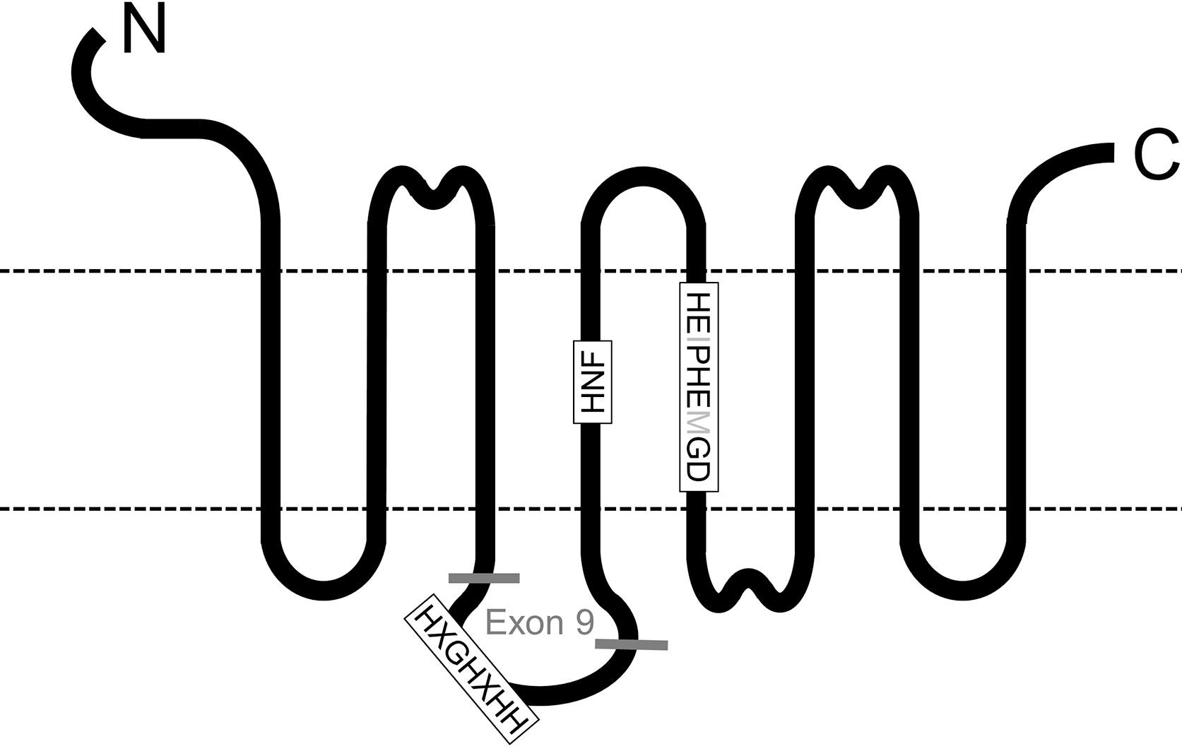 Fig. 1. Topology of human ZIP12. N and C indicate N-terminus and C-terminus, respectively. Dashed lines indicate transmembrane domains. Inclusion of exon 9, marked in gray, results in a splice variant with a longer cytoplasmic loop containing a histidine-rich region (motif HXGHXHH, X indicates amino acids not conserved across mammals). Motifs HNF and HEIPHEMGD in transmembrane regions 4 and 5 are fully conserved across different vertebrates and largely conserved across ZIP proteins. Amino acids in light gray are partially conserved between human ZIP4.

^^^^

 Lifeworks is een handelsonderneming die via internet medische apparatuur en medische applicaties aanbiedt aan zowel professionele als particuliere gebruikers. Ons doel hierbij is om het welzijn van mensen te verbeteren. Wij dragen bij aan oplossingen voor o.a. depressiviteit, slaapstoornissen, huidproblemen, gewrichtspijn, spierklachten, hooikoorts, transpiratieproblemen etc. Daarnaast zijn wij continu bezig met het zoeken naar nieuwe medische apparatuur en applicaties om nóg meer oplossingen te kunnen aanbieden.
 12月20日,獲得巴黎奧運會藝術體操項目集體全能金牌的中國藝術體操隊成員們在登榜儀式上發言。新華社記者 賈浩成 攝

^^^^

• [WHAT YOU WILL DO]: With the line holding "Lifeworks is een" as the first and the line holding "12月20日,獲得巴黎奧運會藝術體操項目集體全能金牌的中國藝術體操隊成員們在登榜儀式上發言。新華社記者 賈浩成 攝" as the last, please transcribe exactly the lines of the material above in that range and nothing else.

• [ANSWER FOR THIS EXERCISE]:
 Lifeworks is een handelsonderneming die via internet medische apparatuur en medische applicaties aanbiedt aan zowel professionele als particuliere gebruikers. Ons doel hierbij is om het welzijn van mensen te verbeteren. Wij dragen bij aan oplossingen voor o.a. depressiviteit, slaapstoornissen, huidproblemen, gewrichtspijn, spierklachten, hooikoorts, transpiratieproblemen etc. Daarnaast zijn wij continu bezig met het zoeken naar nieuwe medische apparatuur en applicaties om nóg meer oplossingen te kunnen aanbieden.
 12月20日,獲得巴黎奧運會藝術體操項目集體全能金牌的中國藝術體操隊成員們在登榜儀式上發言。新華社記者 賈浩成 攝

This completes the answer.